Richard pulled the neck of the hospital gown down and attached electrodes to her chest. “These monitor heart rate and rhythm,” he said to Joanna. He attached a blood pressure cuff to Amelia’s arm. “Okay,” he said to her. “It’s time for you to put on your sleep mask.”
“Okay,” she said, raising her head slightly as she positioned the mask over her eyes, and then lying back down. Richard began attaching electrodes to her temples and her scalp. “Wait!” She tried to sit up.
“What is it?” Joanna said. “Is something wrong?”
“Yes,” Amelia said. She felt blindly for her hair clip with her left hand, took it out, and shook out her long hair. “Sorry, it was digging into the back of my head,” she said, lying back down. “I didn’t unhook anything, did I?”
“You’re fine,” Richard said, reattaching the electrodes to her temples. He began attaching smaller ones along her scalp.
Joanna looked at her, lying there with her black hair fanned out around her pale face. She looks like Sleeping Beauty, she thought, and wondered if Sleeping Beauty had had visions during her hundred years of being in a coma. And if she had, of what? Tunnels and lights, or a boat on a lake? A middle-aged nurse came bustling in. “I’m sorry I’m late. I was with a patient.”
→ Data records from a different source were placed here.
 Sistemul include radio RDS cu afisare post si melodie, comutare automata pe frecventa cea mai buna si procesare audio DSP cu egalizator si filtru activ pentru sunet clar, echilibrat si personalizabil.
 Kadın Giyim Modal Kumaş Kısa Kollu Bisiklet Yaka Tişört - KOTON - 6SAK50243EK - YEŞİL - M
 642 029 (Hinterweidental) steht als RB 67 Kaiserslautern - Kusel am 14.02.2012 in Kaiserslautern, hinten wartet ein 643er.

“You can start a saline IV,” Richard said, lifting the sides of Amelia’s sleep mask to stick electrodes at the corners of her eyes. “These electrodes record eye movements during the period when the subject’s in REM sleep.”
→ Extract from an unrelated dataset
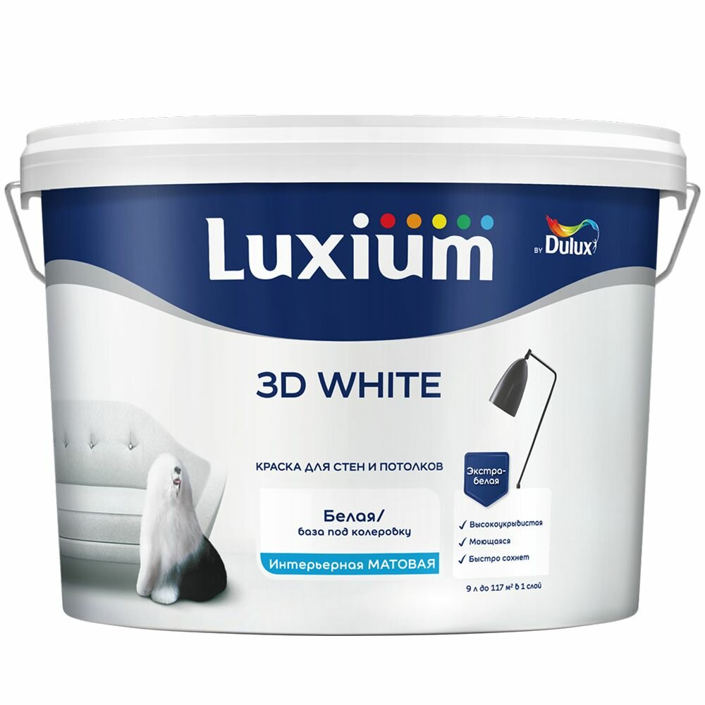 Купить Luxium (dulux) 3d white / люксиум 3д вайт краска для стен и потолков ослепительно белая матовая, база bw, белая, 9л с доставкой по всей России.

The nurse had tied a piece of rubber tubing around Amelia’s arm and was expertly probing for a vein. Richard raised Amelia’s other arm and placed a two-inch-thick piece of foam under it. To reduce external stimuli, Joanna thought, watching him place them under her knees, her legs.
“Is the IV in?” Richard asked the nurse. “Okay, start the tracers.” He leaned over Amelia. “Do you hurt anywhere? Anything pinch? Pull? Ache?”
“Nope,” Amelia said, smiling blindly up at him. “I’m fine.”
“Good,” he said. He picked up a pair of headphones, plugged them into a jack, and put them on. He listened for a moment and then took them off and brought them over to Amelia. “We’re ready to start,” he said. “I’m going to put the headphones on you now. You ready?”
“Can I have a blanket?” Amelia asked. “I always get cold.”
Cold? Joanna wondered. She had said she felt warm and cozy. Joanna thought back to Lisa Andrews, shivering as she said she felt warm and safe.
“When do you get cold, Amelia?” she asked.
“Afterward. When I wake up, I’m freezing.”
“Body temperature drops when you’re lying down,” Nurse Hawley said, and Joanna could have throttled her.
“Do you wake up and then get cold, or are you already cold when you wake up?” Joanna asked.
“I don’t know. After, I think,” but there was that same questioning inflection in her voice.
Richard spread a white cotton blanket over Amelia’s body, leaving the arm with the IV uncovered. “How’s that?” he asked her.
“Good.”
“Okay, I’m putting your headphones on,” he said to her. He placed them over her ears upside down, the headband under her chin. So they don’t obstruct the scan, Joanna thought.
“White noise is being fed through the headphones,” Richard said to Joanna. “It masks any stray inner-ear noises along with any outside sound. Amelia?” he said loudly. No answer. “Okay,” he said, stepping around Joanna to take down the cardboard screen in front of the scan. “You ready?”
“Yes,” Joanna said, but looking down at Amelia, lying still and silent under the white blanket, her black hair splayed out around her head, she felt a shiver of anxiety. “You’re sure this procedure is safe?”
“I’m sure,” Richard said. “And you don’t have to whisper. Amelia can’t hear you. It’s perfectly safe.”
That’s what the passengers on the Hindenburg thought, Joanna thought. And Mr. O’Reirdon had coded in the middle of a scan. “But what if something did go wrong while Amelia’s under?”
“There’s a program that continuously monitors the vitals readouts and the RIPT scan images,” Richard said. “Any abnormality in brain function or heart activity triggers a computer alarm that automatically stops the dithetamine and administers norepinephrine. If it’s a serious problem, the computer’s hooked up to the code alarm for a crash cart team.”